Но тревога всегда исчезала, стоило взять в руку скальпель и сделать разрез. Трудно поверить, но именно в эти минуты в душу приходит покой, ради которого, может быть, хирурги так любят операционную. Странное вроде бы дело: откуда нисходит этот покой к тем, кто делает самую беспокойную в мире работу? Но по мере того, как все глубже погружаешься в рану – электрокоагулятор пищит, струйки сизого дыма взвиваются от обугленных тканей, – ты так облегченно поводишь плечами, так шумно вздыхаешь, как будто с тебя сняли ношу, убрали тот груз, что лежал на плечах, и теперь ты спокоен и счастлив. Ты уж не ты, не тот прежний и часто тяжелый себе самому человек, одинокий, стареющий, грузный, – ты вдруг становишься частью чего-то живого, огромного, частью того, что сейчас подхватило тебя и несет в бесконечном и сложном потоке работы. Тебе сейчас нужно одно: не противиться этой таинственной силе, а с ней совпадать – тогда вся операция будет идти так, как нужно, как будто сама по себе. Ты увидишь, что руки твои надсекают, пальпируют, вяжут и шьют уже словно сами собой, а ты лишь удивляешься, глядя на них, до чего же сноровисто, ловко все получается. Вот это и есть настоящее счастье хирурга: когда, кажется, можно совсем отойти от стола – а набравшая ход операция все равно будет длиться.

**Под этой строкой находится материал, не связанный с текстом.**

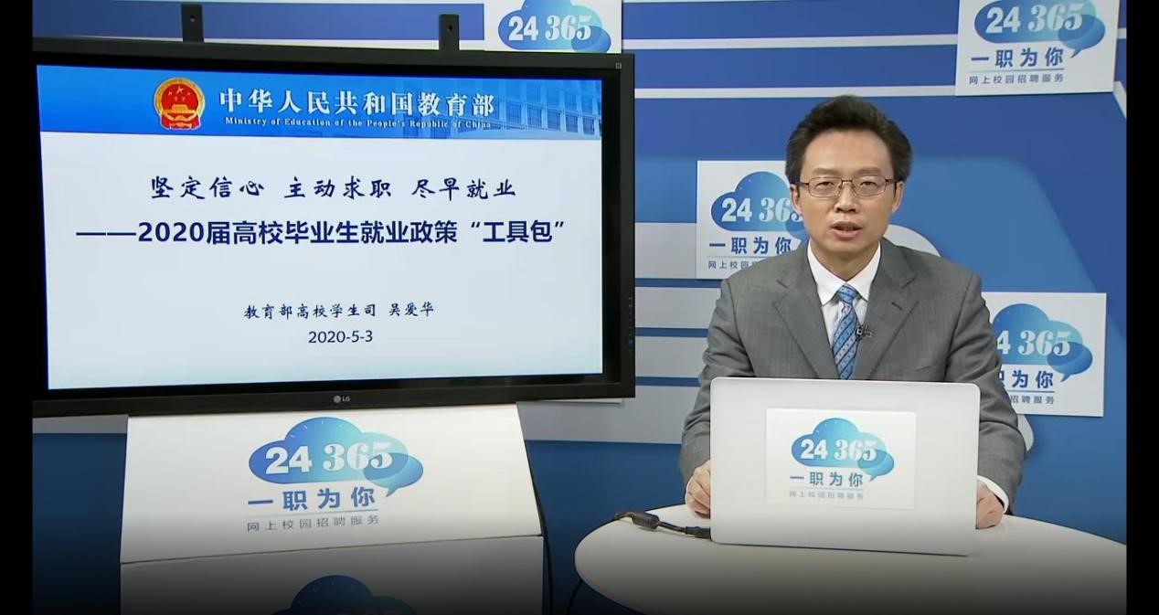 为帮助学生适应线上招聘形势、提升学生求职能力,5月3日19:00,管理艺术学院组织毕业班辅导员老师和全体毕业生通过学习强国、新华网、中国教育网络电视台、BILIBILI直播等平台观看由教育部组织开展的24365招聘平台直播高校就业创业公益课程之“坚定信心·主动求职·尽早就业”——2020届高校毕业生就业政策工具包”主题直播课程,教育部高校学生司副司长吴爱华担任主讲。

Словно ты уж давно растворился, исчез в этом кафельном гулком пространстве, в сиянии ламп – но продолжают скрипеть лигатуры и звякать за-жимы, ножницы туго хрустят, надсекая рубцы, и вот уже видно, как в ране, такой измочаленно-страшной сначала, ткани словно срастаются, все мало-помалу приходит в порядок, и уже недалек тот момент, когда операция – словно сама по себе – завершится…
V
Не всегда, разумеется, все получалось так гладко. Бывало, сойдет семь потов, пока выделишь какой-нибудь запаянный насмерть желудок – и успеешь не раз проклясть день и час, когда ты пошел в хирургию. То ли сам будешь не в лучшей форме, то ли больной попадется такой неудобный, что все в нем не так, не с руки – порой операция превращается в каторжную, изводящую нервы работу. Пыхтишь, обливаешься потом, орешь на своих ассистентов – а когда сам оперируешь плохо, то и помощники, кажется, больше мешают, чем помогают, – и устаешь в конце концов так, будто все это время ты проработал в кузнице молотобойцем.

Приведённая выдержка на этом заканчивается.